Flat piece of pork, stewed with cowheel. Coated with nutmeg and cayenne, the meats boned and rolled together, wrapped and simmered. Soaked in brine with sugar and cloves, pressed and chilled (Rundell 1807, Hutchins 1967)
Original Receipt in 'A New System Of Domestic Cookery' by 'A Lady' (Mrs. Maria Eliza Ketelby Rundell) (Rundell 1807);
Split and nicely clean a hog's head, take out the brains, cut off the ears, and rub a good deal of Salt into the head; let it drain twenty-four hours; then lay upon it two ounces of saltpetre,, and the same of common salt: in three days' time lay the head and salt into a pan, with just water to cover it, for two dayB more.

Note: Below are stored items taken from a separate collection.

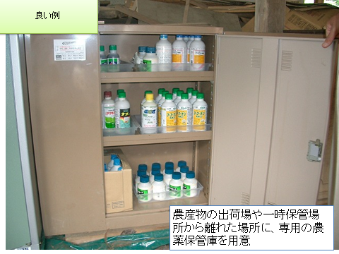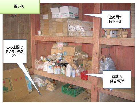 日本の業界標準GAPであり、農林水産省が認めている国際水準GAPの一つである「JGAP」を例に見てみましょう。JGAPの基準書は日本GAP協会のホームページ(http://jgap.jp/)で見ることができます。ぜひ一度実物を見て頂きたいのですが、GAPは図2のような冊子の形になっており、食品安全や環境保全や労働安全を守りながら農産物を生産するために“最低限押さえるべき農作業・管理のポイント”をまとめたものです。例えばJGAPの中には「農薬は出荷の作業場に置かず、専用の保管庫を用意する」とか、「農薬の散布後に、散布機を洗う」などの項目が並んでいます。これらは自分の農場やJA生産部会から残留農薬基準違反を出さないために必要な管理ですが、意外と出来ていない農業者が多い実態があります。農薬の散布機を洗わなかったために実際に残留農薬基準違反は起きており、商品回収や出荷停止など産地が受けるダメージは相当なものです。野菜は食品ですから、農薬の保管場所と同じところで選別するというのは決して良い管理ではありませんし、消費者がもしその場面を見たらびっくりするでしょう(図3と図4)。地域を代表する篤農家の方に言わせれば「当たり前」のことでも、若手の農業者や、農薬の知識が不足している農業者の方もおり、産地みんなでGAPに取り組むことで事故を未然に防ぐことができます。
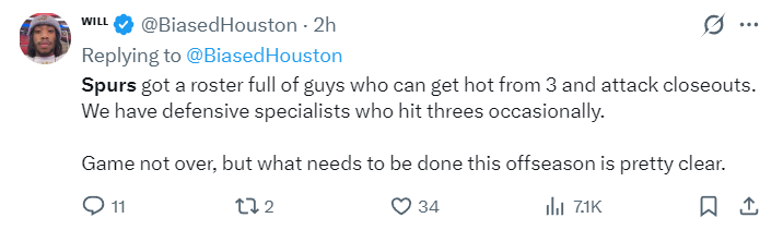 这场比赛,杜兰特33分钟,12中7,三分3中1拿到23分5篮板4助攻2盖帽;阿门36分钟,15中8拿到23分7篮板6助攻1抢断,火箭就两人20+而马刺四人20+,这样的比赛还怎么打?
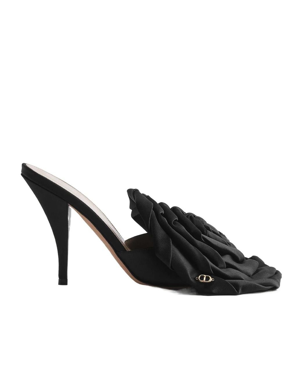 The shoe is adorned with a large black satin flower, features an open heel, and a gold metallic CD signature. Color: black
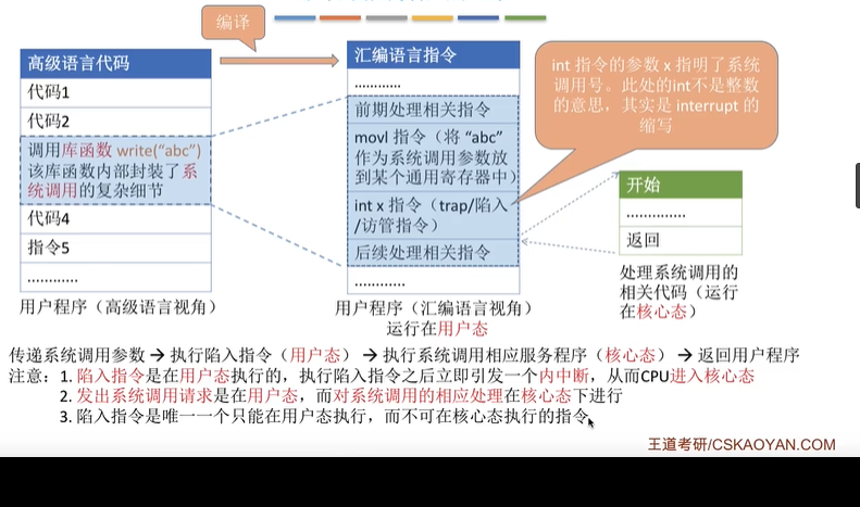 1)库函数(如:write("abc"))封装了系统调用的复杂细节。
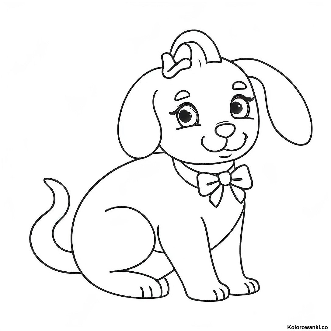 Pobierz Drukowalny PDF Kolorowanka Uroczej Szczeniaka Barbie Z Kokardą
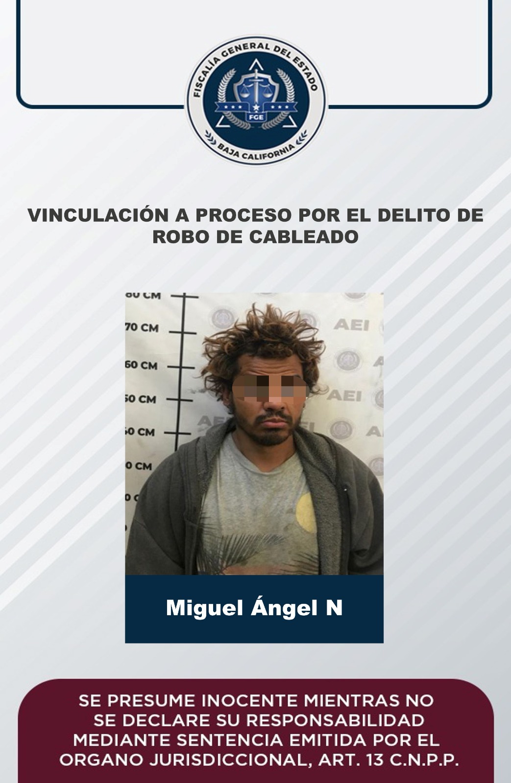 MEXICALI, B.C. 24 DE MARZO DE 2023.- La Fiscalía Regional de Mexicali, a través de la Unidad de Investigación con Detenidos Poniente, logró la vinculación a proceso de Miguel Ángel “N” por el delito de robo de cableado.
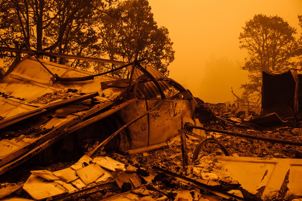 An orange smoke-filled sky and burnt remains are seen after the passage of the Santiam Fire in Gates, Oregon, on September 10, 2020. – California firefighters battled the state’s largest ever inferno on September 10, as tens of thousands of people fled blazes up and down the US West Coast and officials warned the death toll could shoot up in coming days. At least eight people have been confirmed dead in the past 24 hours across California, Oregon and Washington, but officials say some areas are still impossible to reach, meaning the number is likely to rise. (Photo by Kathryn ELSESSER / AFP)
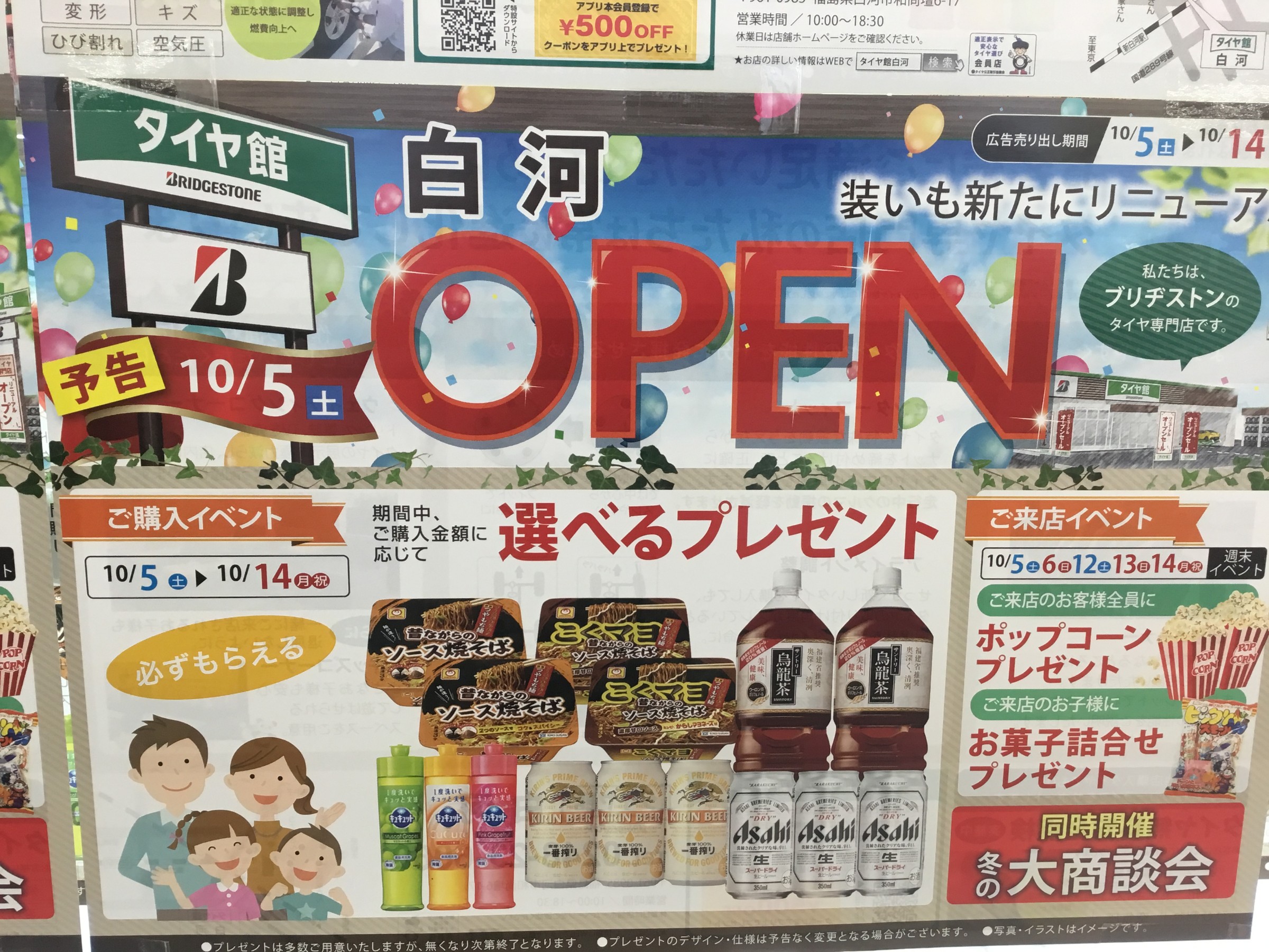 リニューアルオープンセール今日からです!!!! ポスト 2019年10月5日 皆様こんにちは。 タイヤ館白河です。 いつもWEB日記をご覧頂きありがとうございます。 今日からタイヤ館白河リニューアルオープンセールです!!! 同時開催で冬の大商談会も開催しております。 ご購入のお客様には選べるプレゼントもご用意しておりますので 皆様のご来店お待ちしております。 宜しくお願い致します。 タイヤ館 白河 電話. 0248-23-6060 お店に電話する まずはお問い合わせだけでも!お気軽にお電話ください!
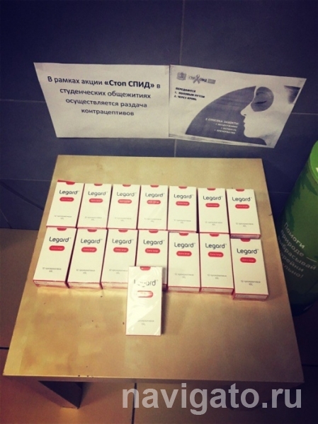 По словам студентов, в общежитии № 4 вчера на вахте лежали презервативы марок Contex и Legard, но упаковки контрацептивов были помятые и со стершимся сроком годности. В общежитиях № 10, 8/1 и 8/2 студенты обнаружили презервативы размером XXL и ребристые с точечками, однако их срок годности истекает в октябре этого года. Рядом с презервативами были листовки, где сообщалось об акции против распространения СПИДа.
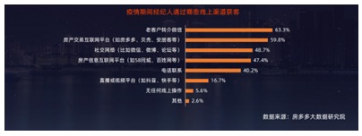 報(bào)告數(shù)據(jù)顯示,多數(shù)經(jīng)紀(jì)人在疫情期間通過線上房產(chǎn)交易服務(wù)平臺(tái)與社交網(wǎng)絡(luò)渠道獲客;其中63.3%的經(jīng)紀(jì)人 通過老客戶轉(zhuǎn)介微信獲客,59.8%的經(jīng)紀(jì)人通過房產(chǎn)交易互聯(lián)網(wǎng)平臺(tái)(如房多多、貝殼、安居客等)獲客。線上房產(chǎn)交易服務(wù)平臺(tái)與社交網(wǎng)絡(luò)“組合劍”成為疫情期間獲客利器。
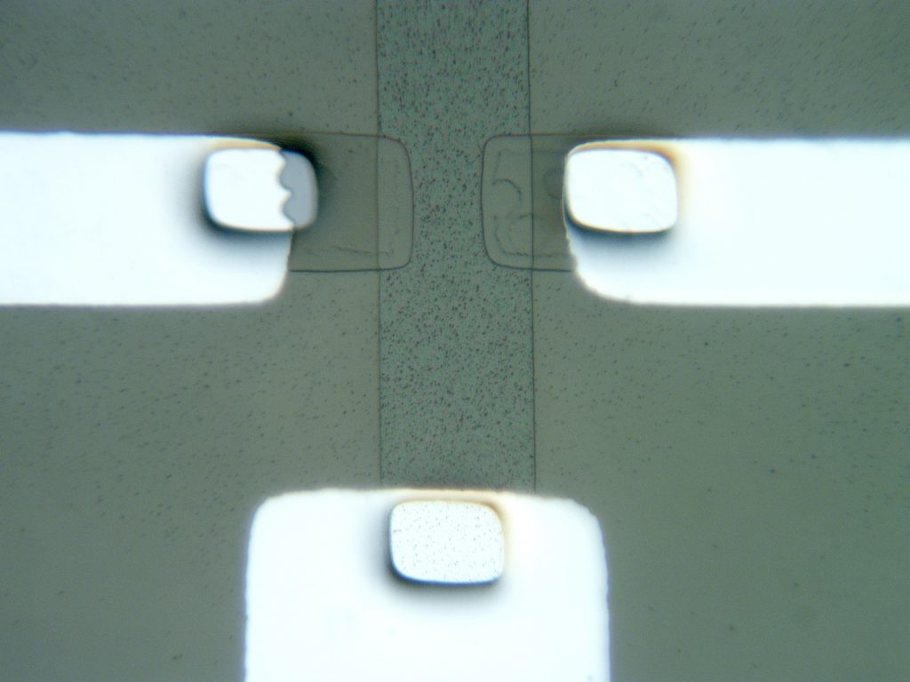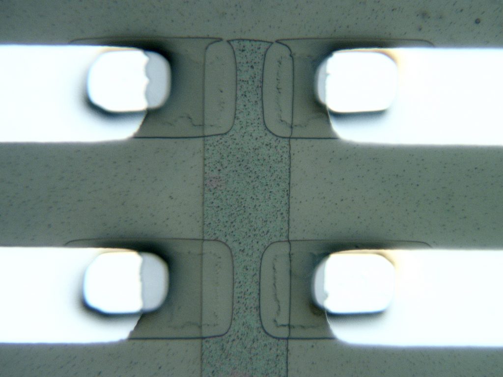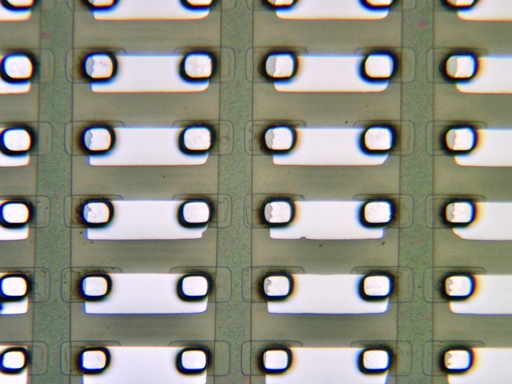 The chip is small, about one quarter the die area of my previous ICs (2.4mm^2) which makes it hard to probe. There’s a simple 10×10 array of N-channel FETs on each chip which will give me a lot of characterization data. Since it’s such a simple design, I was able to lay it out using Photoshop. Columns of 10 transistors share a common gate connection and each row is strung together in series with adjacent transistors sharing a source/drain terminal. It’s similar to NAND flash but I only did this to keep the metal pads large enough so I can reasonably probe them, if every FET had 3 pads for itself they would be too small.
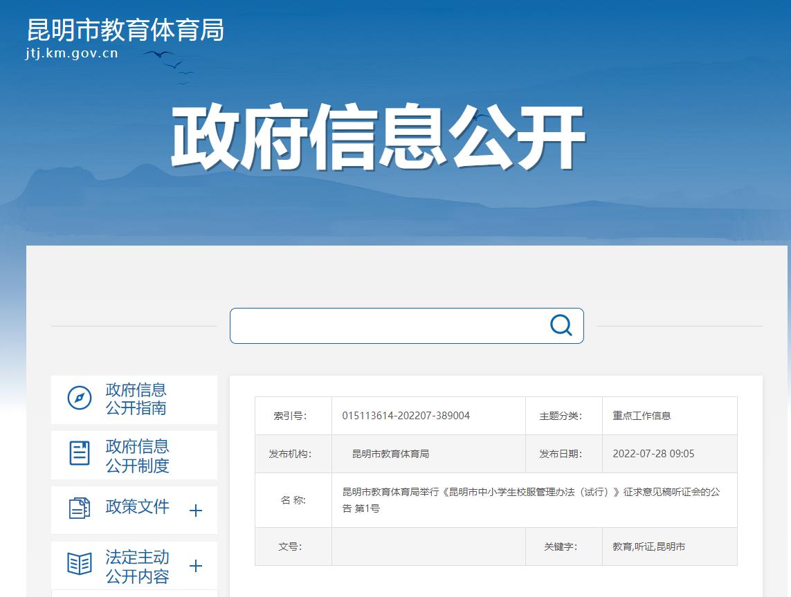 7月28日,昆明市教育体育局发布公告,将对《昆明市中小学生校服管理办法(试行)》(征求意见稿)是否适当,听取社会各方面的意见和建议,听证会拟定于2022年8月11日(星期四)下午14:30举行。《昆明市中小学生校服管理办法(试行)》(征求意见稿)也同时发布,适用于昆明市各级各类公办学校(含中职学校)的校服管理工作,各类幼儿园及民办学校参照执行。

Wash it well; and boil until the bones will come out; remove them, and chop the meat as quick as possible, in pieces of an inch long; but first take the skin carefully off the head and the tongue, the latter cut in bits as above. Season with pepper and salt . Put the skin of one side of the head into a small long pan, press the chopped head and tongue into it, and lay the skin of the other side of the head over, and press it down. When cold it will turn out, and make a kind of brawn. The head may probably be too fat, in which case prepare a few bits of lean pork with the head. Boil two ounces of salt, a pint of vinegar, and a quart of the liquor, and, when cold, pour it over the head. The ears are to be boiled longer than the head, cut in thin strips, and divided about it, the hair being nicely removed. Reboil the pickle often.